The only way to quickly find any movie you wanted to see on Google was to not pay for it. Google made locating Torrent files a breeze. This seemed crazy to me. How were we ever going to get people to pay for movies online if we couldn’t do something as basic as show where they were?
As with widescreen TV, it was something I wanted, so I thought there would be others who would want it to. But this time I didn’t need millions of dollars and a factory to create a product. The internet had changed that. But still…you needed some money. And I didn’t have it.
I called up my friend Bob Harris in San Francisco. Bob and I had been good friends in Madison, Wisconsin as teenagers, and we had re-established our friendship in recent years. I knew that he was very successful working with computer databases, but I hardly thought he would want to get involved in something as speculative as my idea, and certainly not without getting paid for it. But he saw the potential in the idea too, and despite his heavy workload, he signed on. By the time Labor Day weekend was over, he had created a functioning prototype of SpeedCine. I figured we could get it online by October, or maybe November at the latest. It took eleven months.
SpeedCine was created by two guys working in their home offices in their spare time from their day jobs. We never once laid eyes on each other during the entire year. While most movie sites are Hollywood productions, created with tens of millions of venture capital, ours was a no-budget independent, made with sweat equity and less than ten thousand dollars.
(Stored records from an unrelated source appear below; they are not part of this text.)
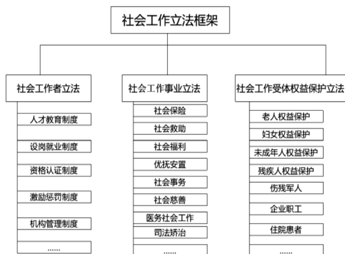
图二：社会工作立法框架

(一) 社会工作立法框架结构 社会工作立法包括主体立法、事业立法和受助群体利益保护立法三个部分，见图二。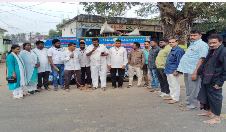
ప్రజా గొంతుకు ప్రతినిధి/దుమ్మగూడెం: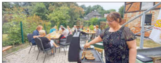
Draußen, drinnen? Kein Problem es schmeckt überall!

Sie erreichen das Team vom Bürgertreff „Onkel Bräsig“ über Tel.: 146066 oder per E-Mail: buergertreff-graal-mueritz@asb-warnow.de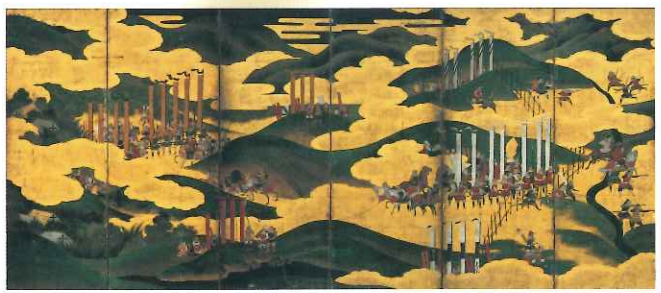
長篠合戦図屏風 名古屋博物館蔵 【展示期間7/14~30】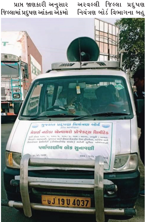
પાસેથી પગલાં ભરનારં એકમ જ પૈસા ખંખેરીને પાછલા બારણે ઢીલી નીતિ અપનાવતા હોવાના આરોપ લાગેલા છે. સાબરકાંઠા-પંકાચેલા અધિકારીઓએ પ્રજા પ્રદુષણમાંથી બહાર આવે તેવા એકેય પગલાં ભર્યાં નથી અને માત્ર નોટીસો ફટકારી કામગીરી કરી રહ્યાના દેખાડા કર્યા છે.

બાયડ તા.૨૪ બાયડ તાલુકાના અલવા ગામના સીમાડાના સર્વે નં.૧૨૫/૧/૨/૩ માં સૂચિત ઝેરી કેમિકલ ડમ્પીંગ સાઈટને મંજુરી આપવા માટે આગામી તા.૨૮ જાન્યુઆરીએ પર્યાવરણીય લોકસુનાવણીનું બપોરે ૧૨ વાગે સૂચિત સ્થળે યોજવાની છે ત્યારે આ વિસ્તારના ખેડૂતોએ ઝેરી કચરાની ડમ્પીંગ સાઈટ શરૂ કરવા નહિ દઈએ તેવો ટંકાર કરી બલિદાન આપશું પરંતુ અમારી જમીન અને માનવસૃષ્ટિને બરબાદ થવા નહિ દઈએ તેમ જણાવ્યું છે. જ્યારે આંદોલનમાં ફૂટી પડનારા તકસાધુઓને અમે અંદરખાને ઓળખ્યા છે તેવું કેટલાંક ખેડૂતોએ જણાવ્યું છે. આગામી શનિવાર ગુજરાત પ્રદુષણ નિયંત્રણ બોર્ડ અને વહિવટીતંત્ર માટે એક્સિડેન્ટ સમાન બની રહેશે. જ્યારે કોરોનાના કારણે ઝાલિયાઓથી વધુ લોકોના ભેગા થવા ઉપર પ્રતિબંધ હોવા છતાં પર્યાવરણીય લોકસુનાવણી મુલતવી રાખવાના બદલે યોજવા માટે પ્રદુષણ નિયંત્રણ બોર્ડ કેમ અધિરં બન્યું છે તેની સમજ પ્રજામાં આવી ગઈ છે. અંદરખાને મોટાપાયે ભ્રષ્ટાચારની આશંકા પણ વ્યક્ત થઈ રહી છે.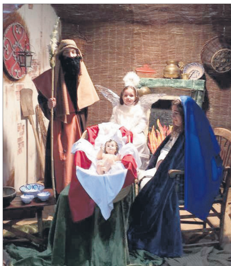
Tradicional belén viviente de Fuensanta.

Plan Provincial de Juventud, las bandas de música locales ("Filarmonía de Fuensanta" y "Maestro Antonio Carpio") pusieron la banda sonora a estas celebraciones especiales con sus conciertos de Navidad y de Año Nuevo respectivamente. Durante el día 1 de enero, Sus Majestades de Oriente visitaron Fuensanta para recoger la últimas cartas de los niños y las niñas del municipio. La programación de actividades continuó con la Cabaigata de Reyes Magos, donde asociaciones y particulares se volcaron para que las calles de Fuensanta de llenaran de color, luz e ilusión llevando los regalos a los más pequeños. El punto final de las celebraciones llegó de la mano del belén viviente en el que más de medio centenar de niños y niñas formaron parte de las diferentes escenas de esta tradicional representación.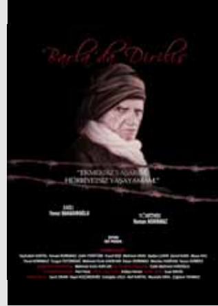
Eser: Yavuz Bahadırođlu Uyarlayan-Yöneten: Kenan Korkmaz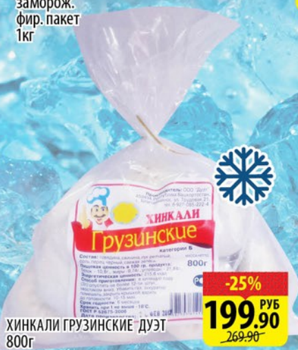
ХИНКАЛИ ГРУЗИНСКИЕ ДУЭТ 800г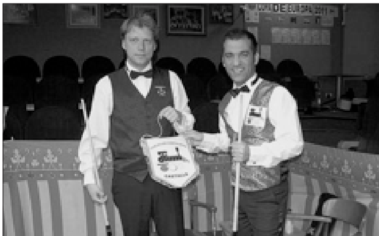
Un jugador del Gröndal de Dinamarca y otro del Caseta Nova sostienen un banderín con el anagrama del club ganador de esta fase clasificatoria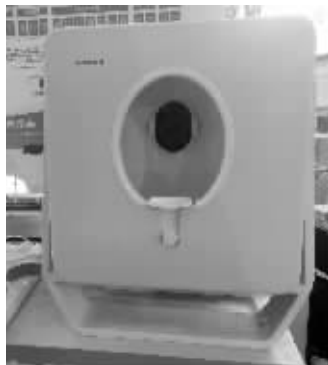
中医远程诊疗设备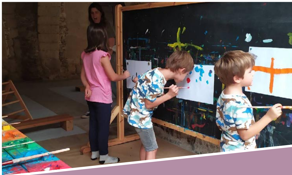
Taller de pintura vertical 21 octubre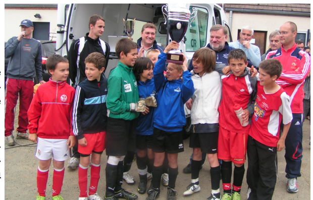
Les vainqueurs du « Lacroix/Coutant » 2010

Alain collecte les résultats et assure le suivi des classements et des licences.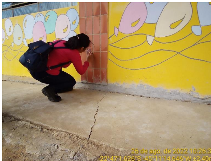
2.4 Rachadura calçada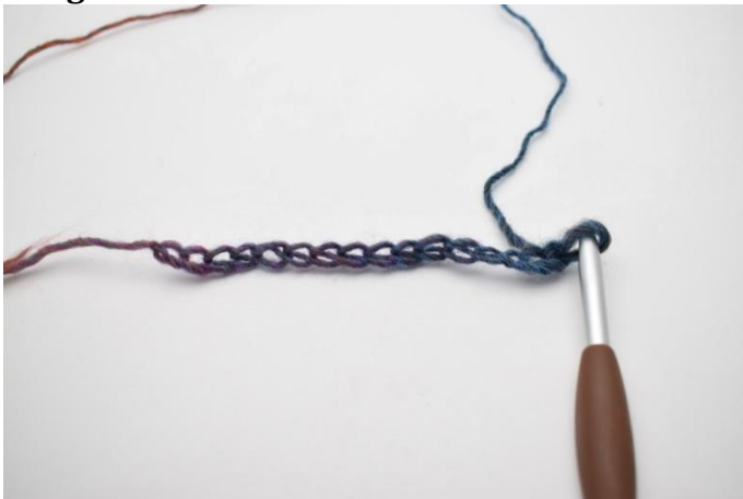
1. Monter les ml.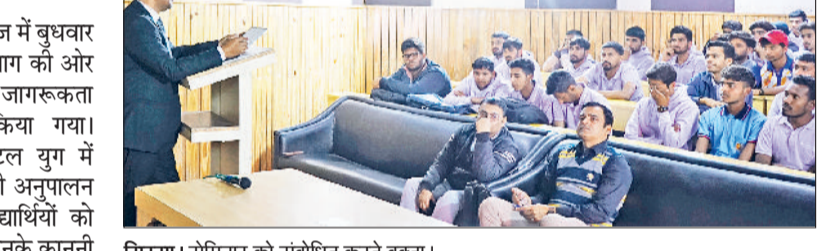
सिरसा। सेमिनार को संबोधित करते वक्ता।

कहा कि आज का समय पूरी तरह डिजिटल प्लेटफॉर्म पर आधारित है। सोशल मीडिया, ऑनलाइन ट्रांजेक्शन, ई-लर्निंग और डेटा शेयरिंग जैसी गतिविधियों में जरा-सी लापरवाही भी कानूनी परेशानी का कारण बन सकती है। उन्होंने बताया कि टॉट कानून व्यक्ति के अधिकारों की रक्षा करता है और किसी के द्वारा की गई लापरवाही या गलत कार्य के लिए जिम्मेदारी तय करता है। उन्होंने विद्यार्थियों को साइबर क्राइम, फेक प्रोफाइल, डेटा चोरी, ऑनलाइन फ्राड शेयरिंग जैसी गतिविधियों में जरा-सी लापरवाही भी कानूनी परेशानी का कारण बन सकती है। उन्होंने बताया कि टॉट कानून व्यक्ति के अधिकारों की रक्षा करता है और किसी के द्वारा की गई लापरवाही या

Bob devoted an entire year of his life to helping me realize my dream, while also doing extremely demanding work on his other projects. Obviously, without him, SpeedCine would never have happened, but he contributed so much more than programming. The site might seem ridiculously simple today, but it emerged from literally thousands of hours of discussion. It didn’t start out simple; it started out very, very complicated. Early on, SpeedCine had so many features and options that for all practical purposes it was worthless. It took a long, long time for us to realize that it got better every time we took something out of it. Generally it was Bob teaching me these lessons. I started out the movie and graphic design guy; he was the technologist and philosopher. Gradually, these roles blurred. I’m not going to say that it was always an easy collaboration, but I learned a lot, and I think he did too.
As we got nearer the launch, we hired a second programmer, Ben Amada, to assist Bob. A few weeks ago, Bob decided to leave SpeedCine to focus on his other business responsibilities. Only when he knew that I could carry on without him did he allow himself to bow out. It’s a big loss to me personally that he’s no longer with the site and it’s a bigger loss to SpeedCine.
This might seem like a very odd analogy, but lately I’ve been thinking about that story about late-career Dietrich, working on one of her post-von Sternberg movies. Leaving the set, she was once heard to say, “Joe…Where are you?” I feel like that a lot.